Hello,
We have an 8x GPU (v100) system running RHEL8 that we’ve been using with modulus for research (EDU).
Our IT department recently updated the system, installing the latest gpu drivers + cuda available from the nvidia stream, but now the modulus container no longer functions.
Running any modulus script within the container we now get the following error message:
...
RuntimeError: CUDA error: system has unsupported display driver / cuda driver combination
...
Our currently installed driver and cuda versions are:
| NVIDIA-SMI 520.61.05 Driver Version: 520.61.05 CUDA Version: 11.8 |
I’ve repulled the latest modulus image from NGC (22.09), that says it was updated Oct 31st, and see the same error.
Yet this document indicates that v22.09 deep learning containers should be supported on our driver/cuda combination:
In the meantime, I’ve managed to get a bare-metal install of modulus running in a conda environment, it’s giving me warnings about unsupported pytorchscript version conflicts (I’ll start another topic about that), but otherwise seems to run fine with the same scripts that fail in the container.
I’m using the 22.09 release from the modulus gitlab, which I assume is the same as within the 22.09 container images - so I wonder if the CUDA runtime error is being thrown by an older PyTorch version within the container that needs to be updated?
Hi @bsarkar, does the NGC PyTorch container work for you or does that fail too?
nvcr.io/nvidia/pytorch:22.08-py3
Yes, that one does seem to work
❯ singularity exec --nv ./pytorch.22.08-py3.sif /bin/bash (base)
Singularity> python
Python 3.8.13 | packaged by conda-forge | (default, Mar 25 2022, 06:04:10)
[GCC 10.3.0] on linux
Type "help", "copyright", "credits" or "license" for more information.
>>> import torch
>>> print(torch.cuda.is_available())
True
Running the same in the modulus image, without executing my scripts directly, I see a few more error messages at the top regarding the compat lib during container startup
❯ singularity exec --nv ./modulus_22.09.simg /bin/bash (base)

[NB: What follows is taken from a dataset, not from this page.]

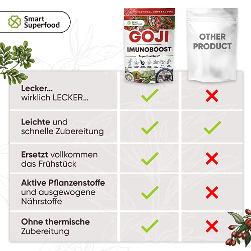 Eenvoudige en snelle bereiding: de mix van superfoods met goji-bessen en cacao is een comfortabele manier om je gezond te voeden, zonder lange voorbereidingstijd. Je hebt gewoon 2 eetlepels nodig in je smoothie of in een kom met yoghurt gemengd en 50-60 g vers fruit en het eten is klaar

/usr/bin/rm: cannot remove '/usr/local/cuda/compat/lib': Read-only file system
rm: cannot remove '/usr/local/cuda/compat/lib': Read-only file system
rm: cannot remove '/usr/local/cuda/compat/lib': Read-only file system
Singularity> python
Python 3.8.13 | packaged by conda-forge | (default, Mar 25 2022, 06:04:10)
[GCC 10.3.0] on linux
Type "help", "copyright", "credits" or "license" for more information.
>>> import torch
>>> print(torch.cuda.is_available())
/opt/conda/lib/python3.8/site-packages/torch/cuda/__init__.py:83: UserWarning: CUDA initialization: Unexpected error from cudaGetDeviceCount(). Did you run some cuda functions before calling NumCudaDevices() that might have already set an error? Error 803: system has unsupported display driver / cuda driver combination (Triggered internally at /opt/pytorch/pytorch/c10/cuda/CUDAFunctions.cpp:109.)

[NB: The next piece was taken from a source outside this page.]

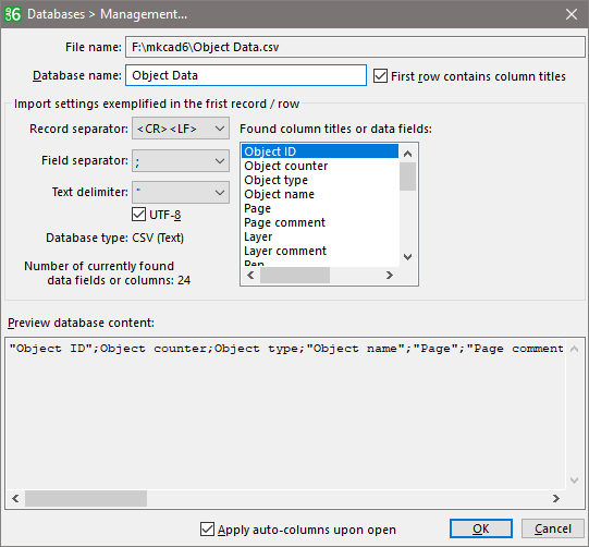 "Database Options" Dialog
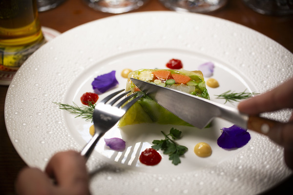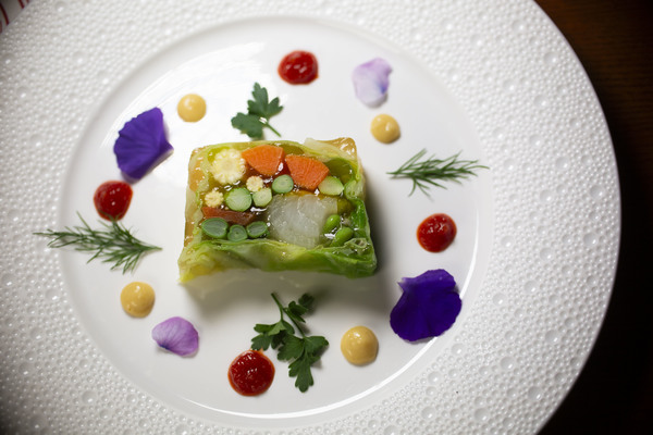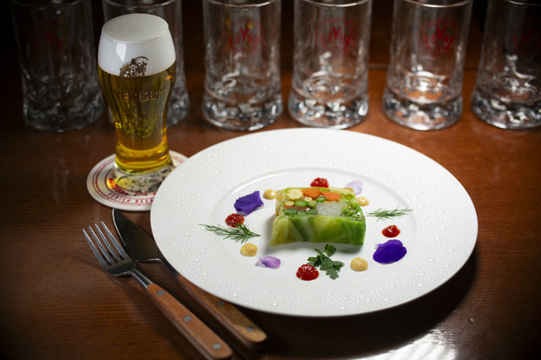 この料理を着想したキッカケは、先日の試飲会で『ヱビス クリエイティブブリュー澄深し』を試飲した際の衝撃的な印象でした。それは、ヱビスらしさを感じさせながらフルーティーでかつ春のような広がる華やかな香りと飲み終えた後の軽やかなコクでした。そこで色彩豊かな季節野菜を使用し見た目の彩豊かさを与えつつ、野菜のピューレを使用した自家製ソースやエイブルフラワーでさらに視覚的に「春らしさ」を表現してみました。様々な素材による食感と個性豊かな味わいを『ヱビス クリエイティブブリュー澄深し』とのペアリングにてご堪能いただけたら幸いです。

return torch._C._cuda_getDeviceCount() > 0
False
>>>
I don’t see the compat folder in my local filesystem, so is that part of the container image overlay?

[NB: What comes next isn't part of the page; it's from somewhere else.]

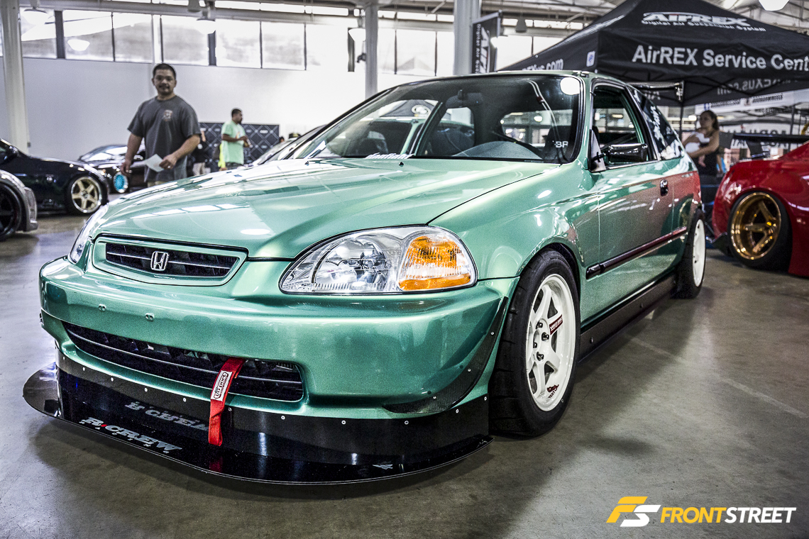 Drag race cars normally find their home on straight-line racetracks a quarter-mile in length, but when they’re as meticulously modified as this all-motor H22 engine-swapped Civic, they can also hold their own in a car show environment.

ok, with that information in hand I was able to create a writeable copy of the container
singularity overlay create --size 1024 modulus_22.09.simg
Which now allows the removal of the compat library during startup
❯ singularity exec --nv --writable ./modulus_22.09.simg /bin/bash (base)
WARNING: nv files may not be bound with --writable
bash: fish: command not found
Singularity> python
Python 3.8.13 | packaged by conda-forge | (default, Mar 25 2022, 06:04:10)
[GCC 10.3.0] on linux
Type "help", "copyright", "credits" or "license" for more information.
>>> import torch
>>> print(torch.cuda.is_available())
True
(despite the warning about nv files not being writable, this still seemed to work)
Is this a fundamental difference between docker / singularity?
i.e. system not mutable unless explicitly build that way?
We can’t use docker in our university HPC environment, so I had followed the ngc instructions on creating singularity builds.